■ **TASK REQUIREMENTS**
Below are entries; repeat exactly, and nothing else, the lines from the one holding "You can keep" through the one holding "柔軟性のある竿は「胴調子」に", inclusive. Leave the pictures out.

■ **DATA RECORDS**

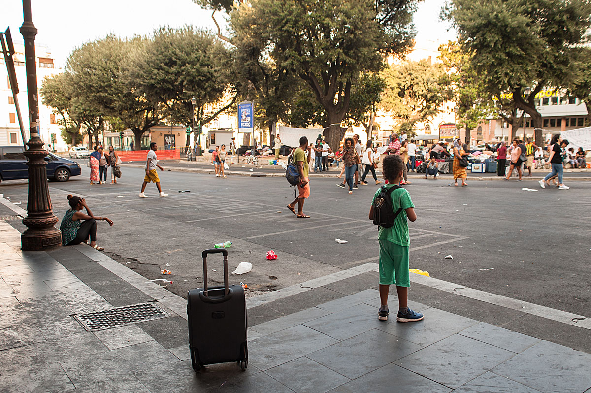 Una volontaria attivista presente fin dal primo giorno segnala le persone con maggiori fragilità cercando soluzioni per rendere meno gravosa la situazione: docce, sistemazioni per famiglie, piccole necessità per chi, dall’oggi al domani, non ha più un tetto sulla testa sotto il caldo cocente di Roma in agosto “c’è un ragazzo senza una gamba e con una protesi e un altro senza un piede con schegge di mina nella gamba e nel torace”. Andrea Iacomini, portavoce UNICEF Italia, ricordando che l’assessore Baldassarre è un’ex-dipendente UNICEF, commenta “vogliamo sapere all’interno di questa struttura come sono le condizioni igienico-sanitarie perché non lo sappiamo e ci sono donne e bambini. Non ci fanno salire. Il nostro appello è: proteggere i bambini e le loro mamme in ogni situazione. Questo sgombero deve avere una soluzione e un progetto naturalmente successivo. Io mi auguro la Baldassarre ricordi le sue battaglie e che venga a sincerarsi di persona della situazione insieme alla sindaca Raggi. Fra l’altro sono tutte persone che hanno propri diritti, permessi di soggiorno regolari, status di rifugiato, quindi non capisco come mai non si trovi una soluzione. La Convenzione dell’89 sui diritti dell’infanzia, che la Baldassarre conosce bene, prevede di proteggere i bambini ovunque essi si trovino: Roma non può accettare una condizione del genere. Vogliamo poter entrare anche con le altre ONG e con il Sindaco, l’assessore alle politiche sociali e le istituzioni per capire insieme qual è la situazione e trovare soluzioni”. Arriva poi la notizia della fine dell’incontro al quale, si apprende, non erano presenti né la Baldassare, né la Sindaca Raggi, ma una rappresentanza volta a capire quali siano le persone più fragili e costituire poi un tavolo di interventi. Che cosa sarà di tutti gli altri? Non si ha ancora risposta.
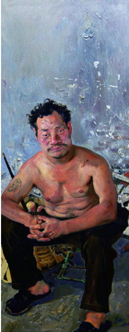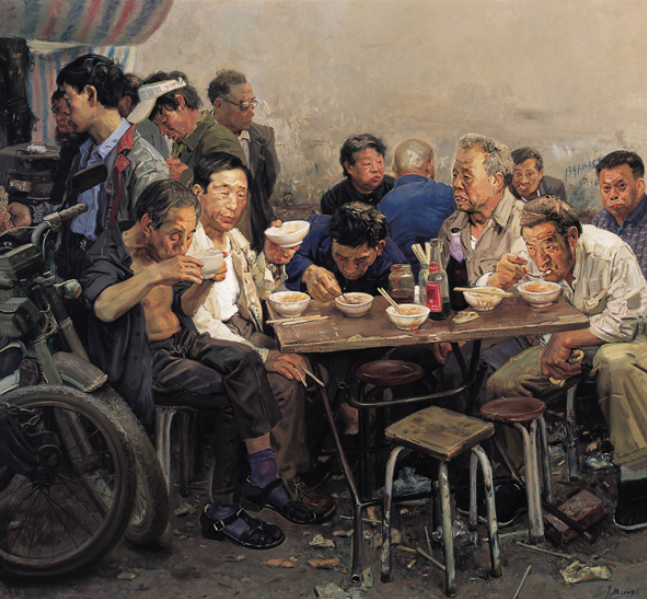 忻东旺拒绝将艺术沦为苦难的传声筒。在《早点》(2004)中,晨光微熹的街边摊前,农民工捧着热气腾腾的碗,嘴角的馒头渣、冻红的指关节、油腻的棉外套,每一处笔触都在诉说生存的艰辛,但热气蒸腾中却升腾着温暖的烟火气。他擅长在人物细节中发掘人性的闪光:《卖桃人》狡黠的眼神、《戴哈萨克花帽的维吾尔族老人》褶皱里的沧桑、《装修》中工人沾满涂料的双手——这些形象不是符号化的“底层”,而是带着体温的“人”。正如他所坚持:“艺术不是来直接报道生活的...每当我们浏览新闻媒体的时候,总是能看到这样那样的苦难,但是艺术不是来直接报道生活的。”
---
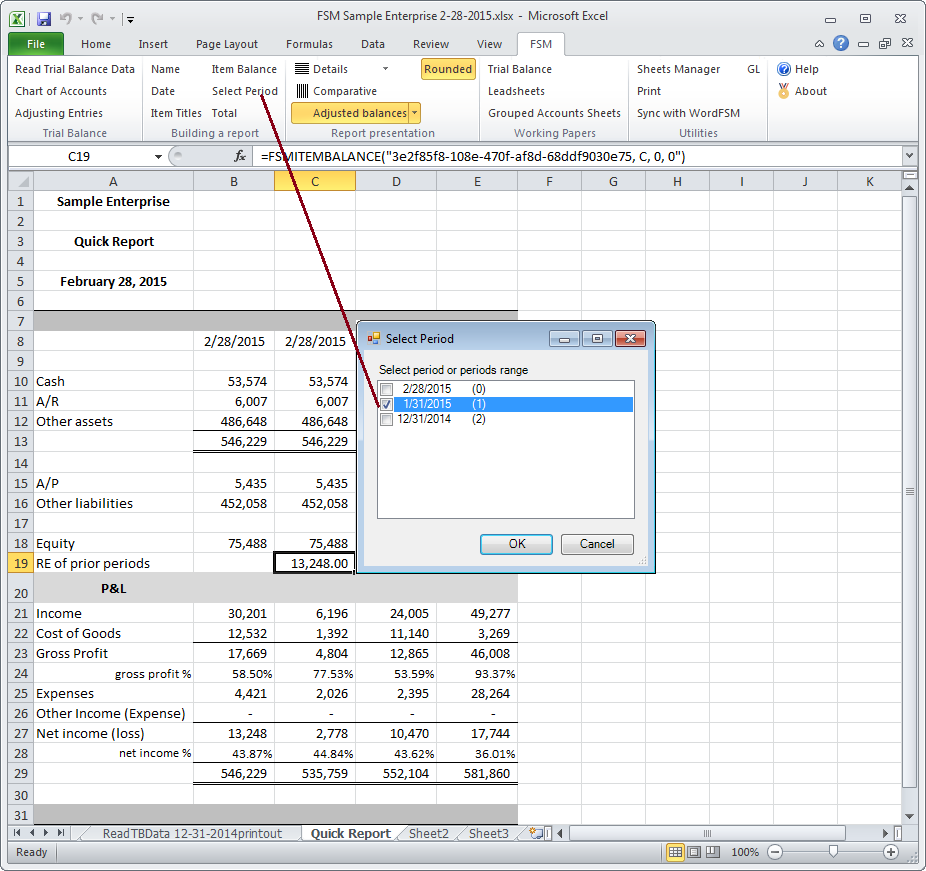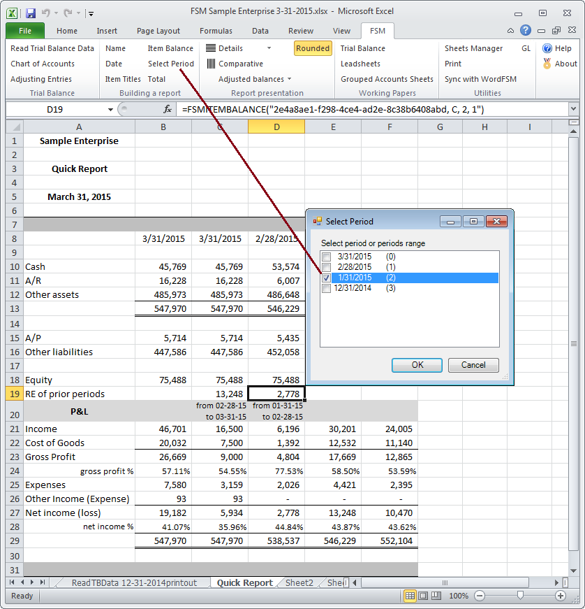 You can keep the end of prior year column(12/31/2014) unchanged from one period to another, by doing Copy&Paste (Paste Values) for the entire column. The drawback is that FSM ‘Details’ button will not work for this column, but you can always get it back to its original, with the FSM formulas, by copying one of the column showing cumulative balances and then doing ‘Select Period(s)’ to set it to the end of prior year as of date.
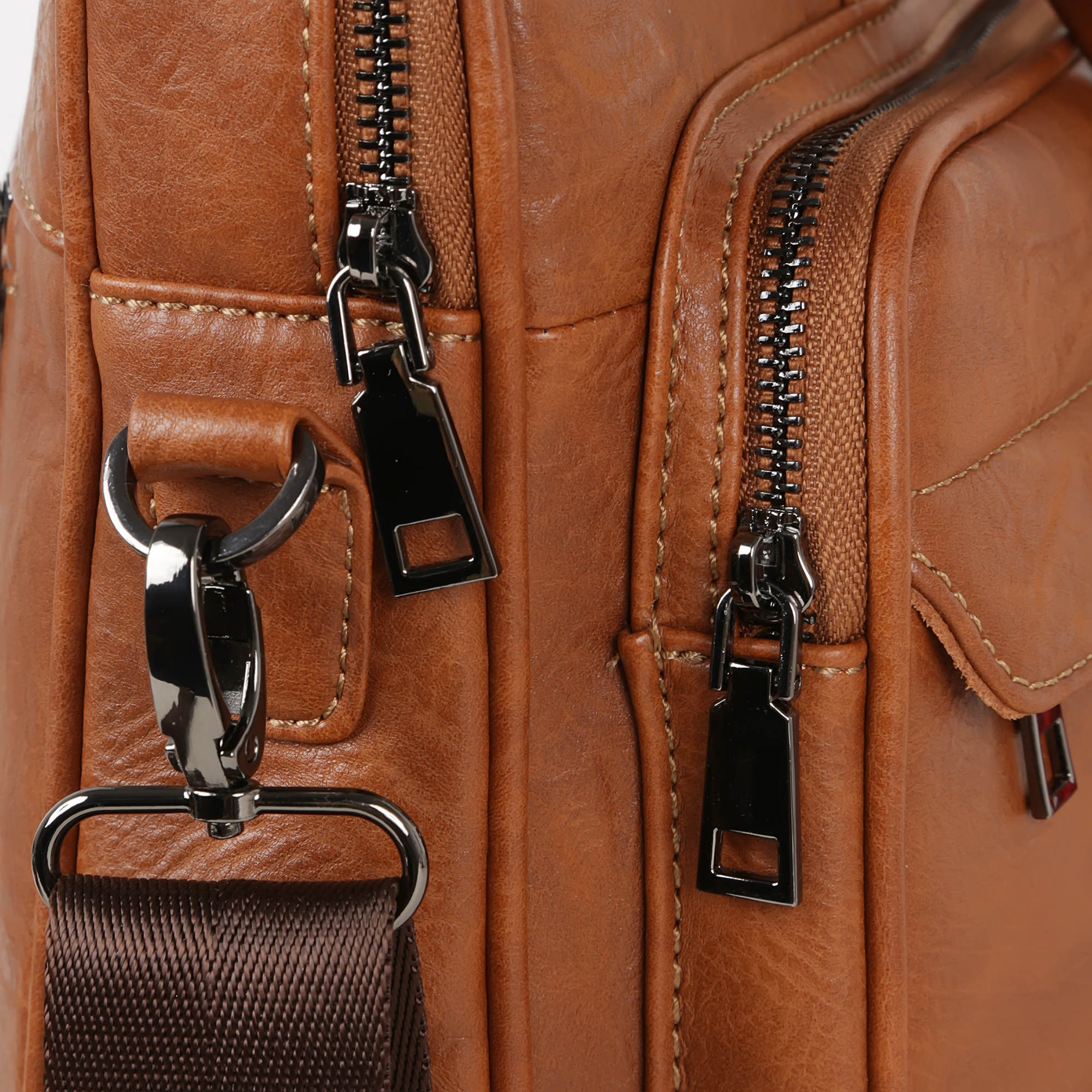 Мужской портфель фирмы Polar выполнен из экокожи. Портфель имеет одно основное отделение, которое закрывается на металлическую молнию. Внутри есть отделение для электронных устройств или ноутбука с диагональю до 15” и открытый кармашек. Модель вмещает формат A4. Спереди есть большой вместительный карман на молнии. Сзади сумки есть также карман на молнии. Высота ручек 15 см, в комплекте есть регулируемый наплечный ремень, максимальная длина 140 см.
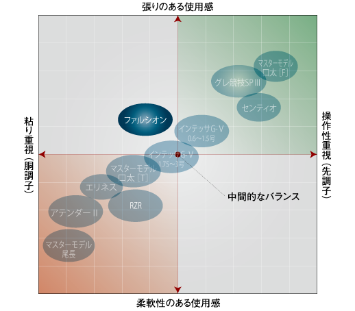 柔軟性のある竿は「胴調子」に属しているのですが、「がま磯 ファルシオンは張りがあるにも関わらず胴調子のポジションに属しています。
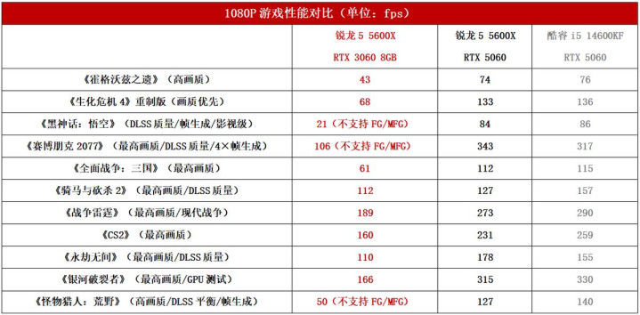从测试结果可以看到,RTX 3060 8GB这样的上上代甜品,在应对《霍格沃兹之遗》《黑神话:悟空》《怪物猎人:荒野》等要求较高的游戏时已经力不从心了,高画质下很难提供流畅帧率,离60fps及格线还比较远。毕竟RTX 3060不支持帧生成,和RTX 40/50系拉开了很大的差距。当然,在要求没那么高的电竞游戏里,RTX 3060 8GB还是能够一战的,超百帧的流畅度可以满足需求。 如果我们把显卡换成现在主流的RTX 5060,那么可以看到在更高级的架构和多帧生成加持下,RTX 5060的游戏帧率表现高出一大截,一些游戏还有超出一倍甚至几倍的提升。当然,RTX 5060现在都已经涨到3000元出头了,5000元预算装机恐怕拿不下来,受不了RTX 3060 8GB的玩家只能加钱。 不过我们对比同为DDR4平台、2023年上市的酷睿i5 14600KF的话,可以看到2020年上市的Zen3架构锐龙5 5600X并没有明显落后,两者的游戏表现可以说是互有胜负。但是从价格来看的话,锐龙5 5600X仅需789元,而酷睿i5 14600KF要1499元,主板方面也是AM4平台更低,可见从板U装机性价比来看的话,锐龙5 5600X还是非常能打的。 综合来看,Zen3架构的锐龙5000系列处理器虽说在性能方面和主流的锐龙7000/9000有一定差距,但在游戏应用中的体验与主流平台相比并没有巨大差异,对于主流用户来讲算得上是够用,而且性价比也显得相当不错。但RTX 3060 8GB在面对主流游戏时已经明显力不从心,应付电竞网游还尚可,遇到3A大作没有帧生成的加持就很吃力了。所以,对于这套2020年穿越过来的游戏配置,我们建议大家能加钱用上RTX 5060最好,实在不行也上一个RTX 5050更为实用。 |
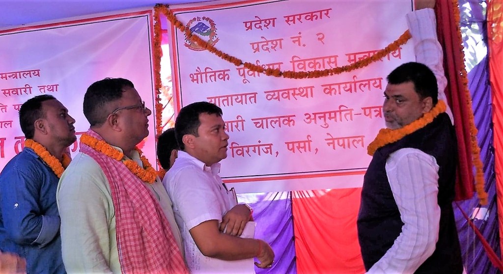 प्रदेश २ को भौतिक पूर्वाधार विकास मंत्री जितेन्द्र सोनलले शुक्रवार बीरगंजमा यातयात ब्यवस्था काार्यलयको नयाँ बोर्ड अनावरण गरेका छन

■ **RESPONSE TO THE EXERCISE**
 You can keep the end of prior year column(12/31/2014) unchanged from one period to another, by doing Copy&Paste (Paste Values) for the entire column. The drawback is that FSM ‘Details’ button will not work for this column, but you can always get it back to its original, with the FSM formulas, by copying one of the column showing cumulative balances and then doing ‘Select Period(s)’ to set it to the end of prior year as of date.
 Мужской портфель фирмы Polar выполнен из экокожи. Портфель имеет одно основное отделение, которое закрывается на металлическую молнию. Внутри есть отделение для электронных устройств или ноутбука с диагональю до 15” и открытый кармашек. Модель вмещает формат A4. Спереди есть большой вместительный карман на молнии. Сзади сумки есть также карман на молнии. Высота ручек 15 см, в комплекте есть регулируемый наплечный ремень, максимальная длина 140 см.
 柔軟性のある竿は「胴調子」に属しているのですが、「がま磯 ファルシオンは張りがあるにも関わらず胴調子のポジションに属しています。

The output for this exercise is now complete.